INSTRUCTIONS FOR THE TASK:
Nothing but an exact reproduction of the records, pictures excluded, should be returned.

Stored records:
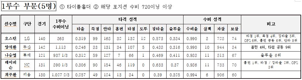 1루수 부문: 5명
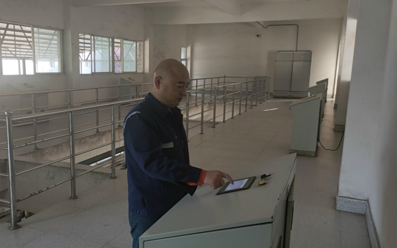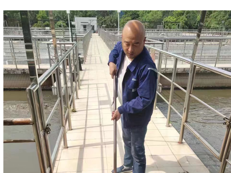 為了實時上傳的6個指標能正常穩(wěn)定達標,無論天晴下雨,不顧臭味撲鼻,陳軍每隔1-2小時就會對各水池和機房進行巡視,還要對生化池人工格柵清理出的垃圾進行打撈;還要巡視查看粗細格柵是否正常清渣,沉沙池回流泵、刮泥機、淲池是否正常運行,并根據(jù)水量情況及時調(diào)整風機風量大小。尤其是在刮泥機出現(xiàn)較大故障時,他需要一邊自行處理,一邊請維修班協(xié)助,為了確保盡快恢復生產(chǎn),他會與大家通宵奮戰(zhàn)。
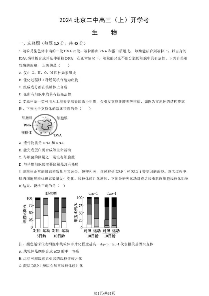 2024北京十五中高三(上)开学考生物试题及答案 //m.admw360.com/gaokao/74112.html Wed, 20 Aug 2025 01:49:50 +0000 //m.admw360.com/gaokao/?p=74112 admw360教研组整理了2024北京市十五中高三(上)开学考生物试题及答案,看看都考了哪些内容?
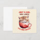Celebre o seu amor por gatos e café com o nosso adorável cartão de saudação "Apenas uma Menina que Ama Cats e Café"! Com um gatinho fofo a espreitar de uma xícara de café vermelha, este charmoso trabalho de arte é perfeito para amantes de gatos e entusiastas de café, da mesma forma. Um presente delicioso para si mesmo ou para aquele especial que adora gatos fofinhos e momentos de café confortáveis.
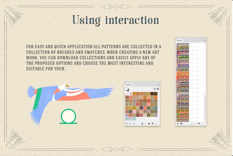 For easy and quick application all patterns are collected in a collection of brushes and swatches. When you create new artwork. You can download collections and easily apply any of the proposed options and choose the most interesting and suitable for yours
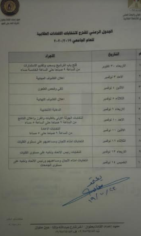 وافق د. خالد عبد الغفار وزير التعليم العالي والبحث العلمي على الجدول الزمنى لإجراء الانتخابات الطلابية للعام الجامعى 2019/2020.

SOLUTION TO THE PROBLEM:
 1루수 부문: 5명
 為了實時上傳的6個指標能正常穩(wěn)定達標,無論天晴下雨,不顧臭味撲鼻,陳軍每隔1-2小時就會對各水池和機房進行巡視,還要對生化池人工格柵清理出的垃圾進行打撈;還要巡視查看粗細格柵是否正常清渣,沉沙池回流泵、刮泥機、淲池是否正常運行,并根據(jù)水量情況及時調(diào)整風機風量大小。尤其是在刮泥機出現(xiàn)較大故障時,他需要一邊自行處理,一邊請維修班協(xié)助,為了確保盡快恢復生產(chǎn),他會與大家通宵奮戰(zhàn)。
 2024北京十五中高三(上)开学考生物试题及答案 //m.admw360.com/gaokao/74112.html Wed, 20 Aug 2025 01:49:50 +0000 //m.admw360.com/gaokao/?p=74112 admw360教研组整理了2024北京市十五中高三(上)开学考生物试题及答案,看看都考了哪些内容?
Celebre o seu amor por gatos e café com o nosso adorável cartão de saudação "Apenas uma Menina que Ama Cats e Café"! Com um gatinho fofo a espreitar de uma xícara de café vermelha, este charmoso trabalho de arte é perfeito para amantes de gatos e entusiastas de café, da mesma forma. Um presente delicioso para si mesmo ou para aquele especial que adora gatos fofinhos e momentos de café confortáveis.
 For easy and quick application all patterns are collected in a collection of brushes and swatches. When you create new artwork. You can download collections and easily apply any of the proposed options and choose the most interesting and suitable for yours
 وافق د. خالد عبد الغفار وزير التعليم العالي والبحث العلمي على الجدول الزمنى لإجراء الانتخابات الطلابية للعام الجامعى 2019/2020.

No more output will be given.